I was basing it upon the latest version of Ubuntu.
What exactly is so hard to use about Ubuntu, and what exactly is so unattractive about
this desktop? My first impression of ubuntu, which happened to be the first distro I tried, was the exact opposite: attractive and with immediately intuitive interface conventions. Once you learn the shortcuts and the extra functionality that Gnome has -- such as extra workspaces and one click copy and paste -- it becomes really difficult to see how the Windows GUI is in any way superior. That isn't to say Windows is bad, just that I don't see how Gnome or KDE is in any worse.
No. I dealt with CLIs back in the DOS days but I really have no interest going back to that. They may be more efficient for some tasks but that goes in the exact opposite direction of a user friendly experience.

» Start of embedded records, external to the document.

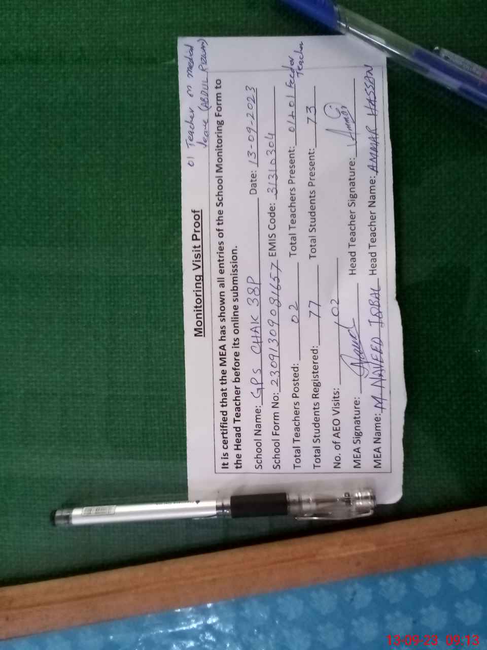| EMIS Code: 31310304 | Name of School: GPS CHAK 38/P | |||
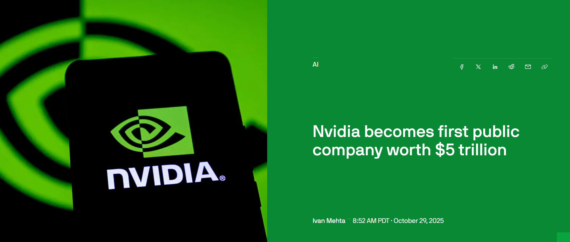 【环球网科技综合报道】10月30日消息,据科技媒体TechCrunch报道,当地时间周三,美国股市开盘后,英伟达公司股价表现强劲,开盘即暴涨3.2%,公司市值成功站上5万亿美元关口,成为全球资本市场史上首家市值突破这一里程碑的上市公司。盘中,英伟达股价最高涨幅进一步扩大至5%以上,对应市值一度超过5.13万亿美元,创下全球企业市值新纪录。
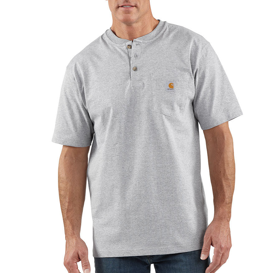 Men's heavyweight cotton henley t-shirt. Since 1889, Carhartt has made durable workwear you can count on as you tackle the toughest jobs. This men's short-sleeve henley t-shirt is made of heavyweight cotton jersey and cut generously for a roomy fit.Specifications
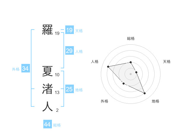 羅 夏渚人さんの総格は44画の2点!
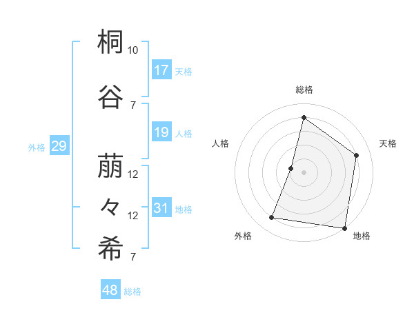 桐谷 萠々希さんを姓名の画数から五運を鑑定
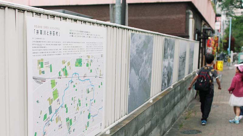 この分断をネガティブにとらえるか、それともなにか別のアイデアにつなげていくか。ちょっと特殊な街の事情を逆手に取るのも面白そう。そんなことをぼんやりと考えました。駅のすぐそばに井草川の遊歩道があって、そこでは5月13日まで「井草川と井荻村」写真展をやっています。
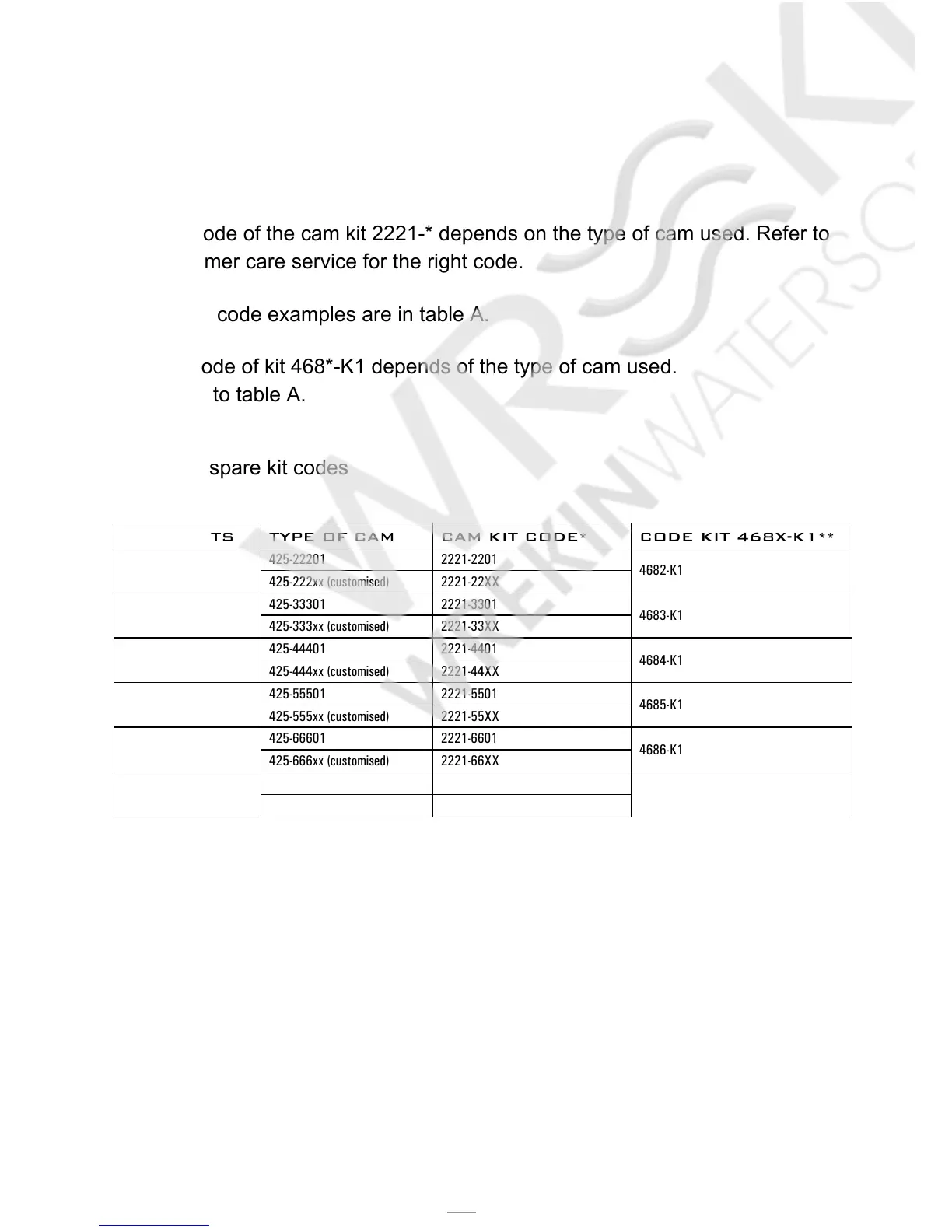 (**):The code of kit 468*-K1 depends of the type of cam used.

You seem to be making the argument that user-friendliness is superior to utility. A simple tool, while easier to learn, has fewer uses than a complex tool. The reality is that while GUI's are easier to learn, they are by definition less useful. Rather than telling the computer what to do, the computer presents you with options and you pick among them. Now those options have to be limited, otherwise the GUI quickly becomes cluttered and is no more user friendly than the CLI. You simply can't do as much, as well, and as fast with the GUI as you can with the CLI.
So why the Unix CLI over DOS? Features like job control (if you think multitasking is limited to GUIs, you are wrong), pipelines, input/output redirection, advanced scripting capabilities, work environment customization, online reference, and command completion make the Unix CLI dramatically more powerful than DOS. It's even easier to use in my opinion -- again, Unix is hard to learn but very easy to use. Plus, it's just plain fun.
Again, nearly all serious computing -- whether it be the infrastructure of the internet, financial computing, scientific research, military networks, etc. -- occurs on Unix/Linux and there is a reason for that. For your average office worker who just needs to use Office and send email, Windows is perfectly adequate, and maybe even preferable. But if you really want to access the power of your computer, and really want a tool that complements your own brain when it comes to solving problems, then Unix/Linux, and particularly the Unix/Linux CLI and utilities, is the way to go.